Orange chicken that we are going to make this week has become one of America’s most popular Chinese dishes because it is high in Umami. This comes from the combination of orange peel and soy sauce and ofcourse the fact that it’s deep fried chicken helps. It also explains why the original Chinese version from Hunan Chenpi-ji did not become as popular- because it isn’t fried and it doesn’t have half the sugar the American Chinese version does.

Some other foods that are high in Umami include potatoes, lotus root, corn, green peas, bacon, prawns, tuna, many aged cheeses such as Roquefort or Cabrales and most Asian sauces and condiments such as miso and Khimchi and here is some good news Green Tea and green chillies as well. Why is HP Worcestershire sauce so popular – tamarind and tomatoes So now you know why Bhelpuri and Vada pao are so popular. Tamarind and lasun chutney with potatoes and onions. Infact most street foods are high in Umami that’s why we crave them.

Street foods like chaat with a sweet and sour profile have Umami and its explains their popularity

While writing my cookbook and An Indian Sense for Salads I researched Umami. It helped to understand flavour profiles, which in turn helped to deconstruct Indian classics and isolate what made them tick, then turn them on their heads and use the same profile to create western salads. So when you take a classic Sarson Da Saag you have a combination of greens including mustard greens eaten with makai ki roti. Corn and mustard have Umami. So when you do a salad version you grill the corn cob and serve it with wilted mustard greens. It works because the flavour profile remains the same. You retain the Umami but you use it differently.

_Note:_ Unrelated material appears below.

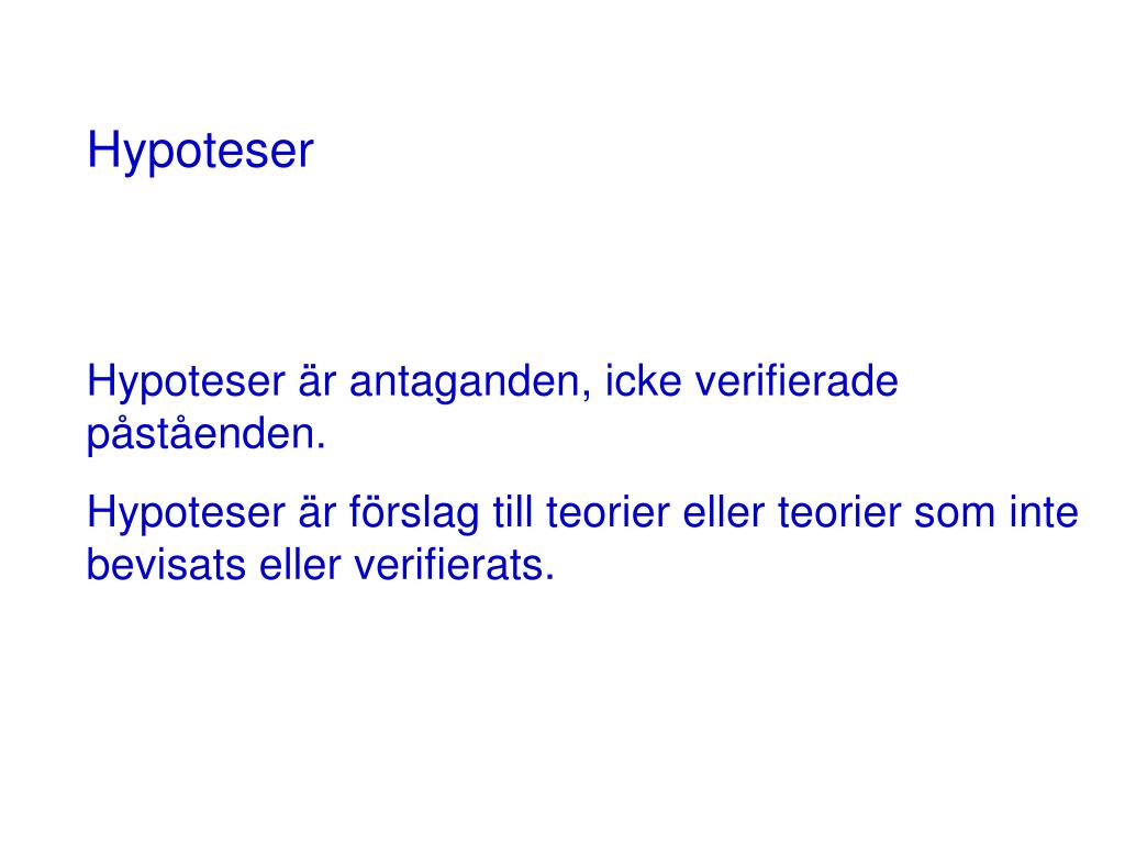 Hypoteser Hypoteser är antaganden, icke verifierade påståenden. Hypoteser är förslag till teorier eller teorier som inte bevisats eller verifierats.

Wilted spinach salad inspired by the Indian classic Sarson Da Saag. Recipe An Indian Sense of Salad

Many of our vegetarian dishes are brilliant chemistry profiles. Adding meat broths and seafood broths simplifies dishes and gives you easy Umami but when you have to work without them that’s when the genius comes into play. The subtle mix of spices, the tempering and grinding, the combinations of vegetarian ingredients is highly complex and evolved it is cooking at its most brilliant.